In 2022, a division bench of the Meghalaya High Court imposed ₹3 lakh costs on the State after discovering that a recruitment panel had “hijacked” driver selections—where interview-room subjectivity overshadowed merit and constitutional sense. The Court’s directive to report to vigilance authorities and retrain interviewers reads like an unnecessary civics lesson in a mature democracy, yet remains essential as old machinery persists. The political class treats censure as weather rather than climate.
Consider the recurring allegations about public recruitment—followed by denials, as in August 2024 and 2025, when the Chief Minister declared “no nepotism” in MPSC preliminary results, insisting that SOPs had restored fairness. The reassurance is noted; anxiety remains because trust is cumulative and muddied by even one opaque process.
In July 2025, a CBI Anti-Corruption Branch complaint accused two North Garo Hills MLAs of appointing their sons to the district selection committee—amid rumors of bribery, with whispers of Rs “10 lakh for even a peon.” The complaint alleged that public works contracts were divided through proxy firms linked to political families, a conflict of interest disguised as governance. Even pending investigation, the optics damage when selection bodies revolve around dynastic influence.

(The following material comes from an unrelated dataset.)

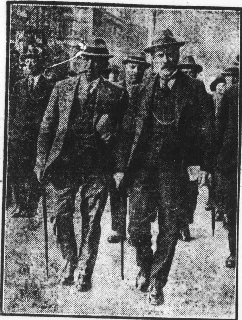
Mr. Ramsay MacDonald, accompanied by Mr. J. H. Thomas, colonial secretary, is shown arriving at the House of Commons to deliver his speech on the Irish boundary question.
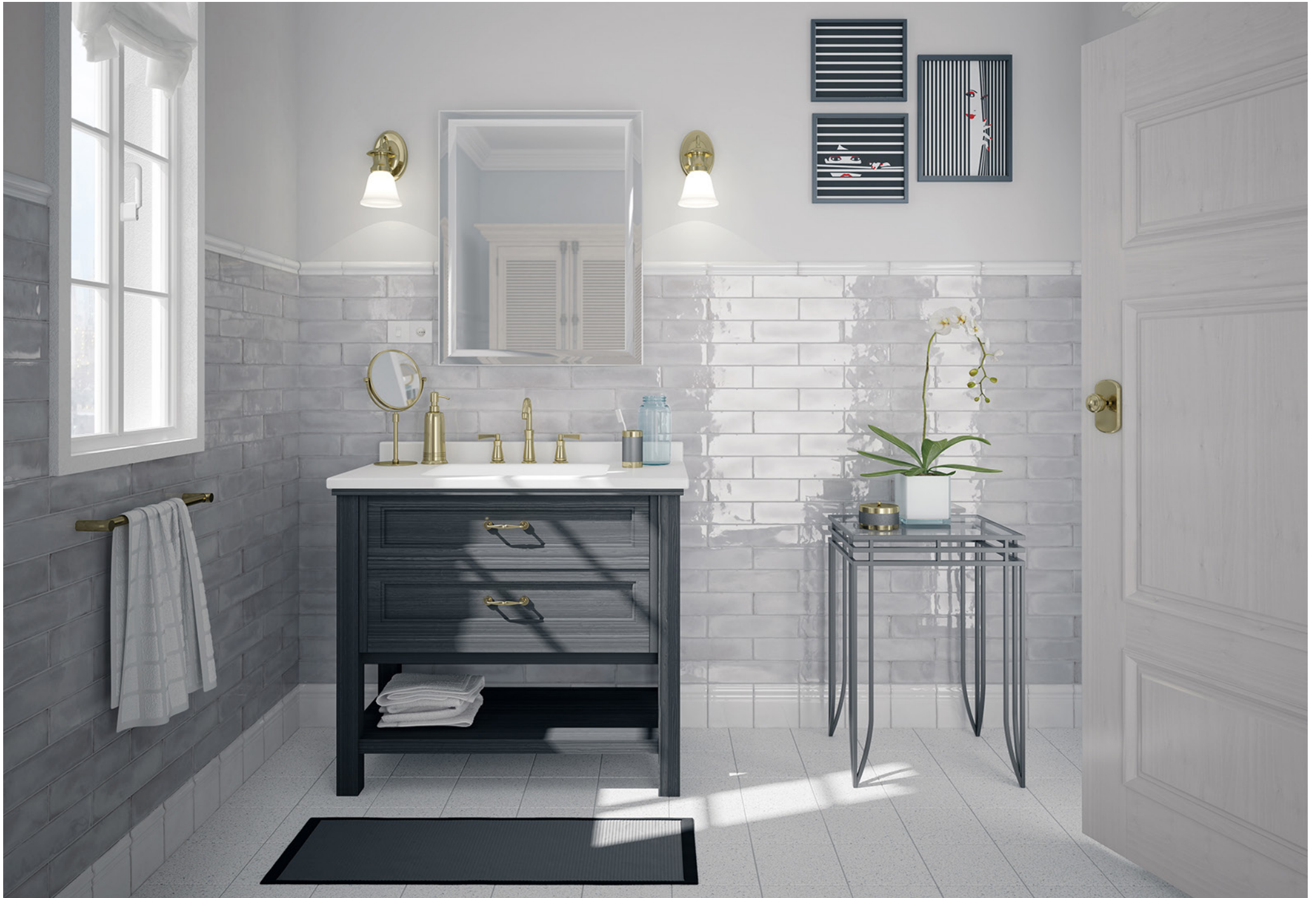
Wall: Splendours Grey Gloss 75x300mm

In August 2025, the cabinet announced exams to regularise 1,500 ad-hoc positions, citing Supreme Court restrictions and promising transparent selection with SOPs. This shifts from expediency to rule-based recruitment, where public positions cease to be loyalty tokens. However, procedures without public scrutiny remain mere bureaucratic theatres. This issue extends beyond hiring. Allegations of misuse of tribal status in civil service appointments, such as the CoMSO challenge to a selection under the Garo ST quota, show how fragile identity and justice become when documentation and community norms are treated as afterthoughts. While distinct from nepotism, the socio-political implications are similar: when the gate-keeping of public resources becomes opaque, people sense inheritance where verification is needed. Indian judicial discourse emphasises the need for transparent selection systems that are free from nepotism.
Scholarship on judicial independence cautions that secrecy in appointments fosters biases that erode the legitimacy of the judiciary. In 2022, the High Court of Meghalaya advocated for procedural literacy among interviewers, a balance between tests and interviews, and merit-based assessment— judging a driver by their driving skills, not appearance. This principle should be inscribed in every recruiting office from Tura to the Secretariat.
India’s history warns against nepotism. From the Arthashastra’s cautions against patrimonial capture to the Constituent Assembly’s debate between patronage politics and equal opportunity, the fight against nepotism has been ongoing. Post-independence, courts developed anti-arbitrariness jurisprudence for procedural fairness, while the reservation policy addressed historical exclusion without becoming a gift of the powerful. However, “uncle culture” evolved into networks of favour, treating the state as spoils.
Across the border this September, Nepal’s youth achieved what theory could not: they made corruption and nepotism costly for the state. The ban on 26 social media platforms was seen as a gag on speech and a shield for elite impunity, especially amid the exposure of “nepo kids'” opulent lives. The streets responded. Prime Minister Oli resigned amid protests, the offices of political impunity were stormed, and the state relented.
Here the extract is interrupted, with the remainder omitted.